Эта работа еще несет на себе следы тех «родовых мук», в которых складывался марксизм, что проявилось, в частности, в терминологии, заимствованной у Гегеля и Фейербаха. Но сквозь ссохшуюся оболочку некоторых старых философских понятий явственно пробиваются побеги принципиально нового взгляда на общество, такой интерпретации мира, которой мир еще не знал.
Здесь впервые осуществлен грандиозный синтез экономического, философского и социально-политического подходов к анализу общества. Здесь человек поставлен в центр всего рассмотрения и предстает в сплетении всей совокупности своих сложных отношений как с природой, так и с обществом. Здесь ярко обрисованы нечеловеческие условия жизни человека в буржуазном обществе с точки зрения подлинного и последовательного гуманизма. Здесь гнев и страстность политического борца выступают в сплаве с аналитической зрелостью великого мыслителя.

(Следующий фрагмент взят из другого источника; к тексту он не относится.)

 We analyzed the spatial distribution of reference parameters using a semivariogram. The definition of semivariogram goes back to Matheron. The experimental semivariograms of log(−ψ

Здесь реальный подход к конкретной действительности сочетается с охватом далеких горизонтов общественного развития. В этой работе поставлены такие глубинные проблемы, которые сохранят свое значение и через века.

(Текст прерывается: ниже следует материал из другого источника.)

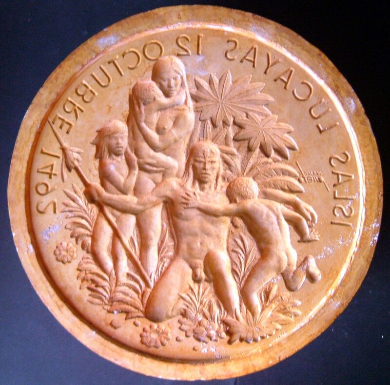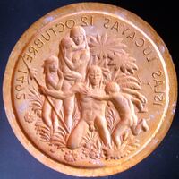 Molde de escayola, con barniz de goma laca, del negativo de la cara de una medalla donde se representa la escena de un grupo de indígenas, en primer término el hombre arrodillado acogiendo en sus brazos a uno de su hijo y su mujer detrás con un niño en sus brazos y una niña junto a ella.Para Numismática Iberica, reverso OTROS ARCHIVOS MBO/402+449+450 MEN/1788 MG/1534+1533 MBR/1344

Этим объясняется тот неослабеваемый интерес к «Экономическо-философским рукописям 1844 года», который имеет место в наше время среди философов, экономистов и социологов всех стран.
Богатство идей, заключенных в «Рукописях», таково, что не укладывается ни в самые подробные изложения, ни в самые объективные толкования: нужно самому прочесть это произведение (и не один раз!), чтобы насладиться смелостью, широтой и художественной красотой теоретической мысли, раздвинувшей и сломавшей барьеры односторонних представлений, узость застывших схем, скинувшей последние путы идеализма не только с толкования законов природы, но и с объяснения социального развития.
Маркс в этой работе исходит из уже достигнутого им взгляда, что объяснение всей истории человеческой жизни надо искать в материальных отношениях. Он конкретизирует его следующим образом:
«…Все революционное движение находит себе как эмпирическую, так и теоретическую основу в движении частной собственности, в экономике».
Производственная жизнь человека, его труд – вот что является пружиной социального прогресса. Труд человека осуществляется в различных формах, при разных социальных условиях. И наконец, «в общем и целом остается уже только два класса населения: рабочий класс и класс капиталистов».
На место абстрактного человека Фейербаха Маркс ставит пролетария. На место фейербаховского отношения человека к человеку Маркс ставит отношения рабочего и капиталиста, отношения живого труда и накопленного труда (капитала).
В мире, где все продается и покупается, где власть денег верховна и абсолютна, рабочий сам является товаром. Он не обладает ни капиталом, ни земельной рентой, он обладает лишь трудом, и труд производит все богатство общества.
И вот этот реальный факт буржуазного общества Маркс и делает отправным пунктом своего анализа.
Рабочий производит материальное богатство. Но оно не принадлежит ему. Более того – это богатство не только отчуждено от рабочего, но и противостоит ему как чуждая, господствующая над рабочим сила, как капитал. Маркс называет этот факт отчуждением труда.
Чем больше рабочий трудится, тем больше становится созданный им мир богатства, но вместе с тем увеличивается и господство этого богатства над рабочим. Капиталист становится все могущественнее, рабочий – беднее и бесправнее.
Рабочий превращается в раба созданного им предмета труда. Его накопленный труд, выступая в виде капитала, денежного богатства, нанимает рабочего, дает ему средства к жизни, распоряжается его живым трудом и самой его жизнью.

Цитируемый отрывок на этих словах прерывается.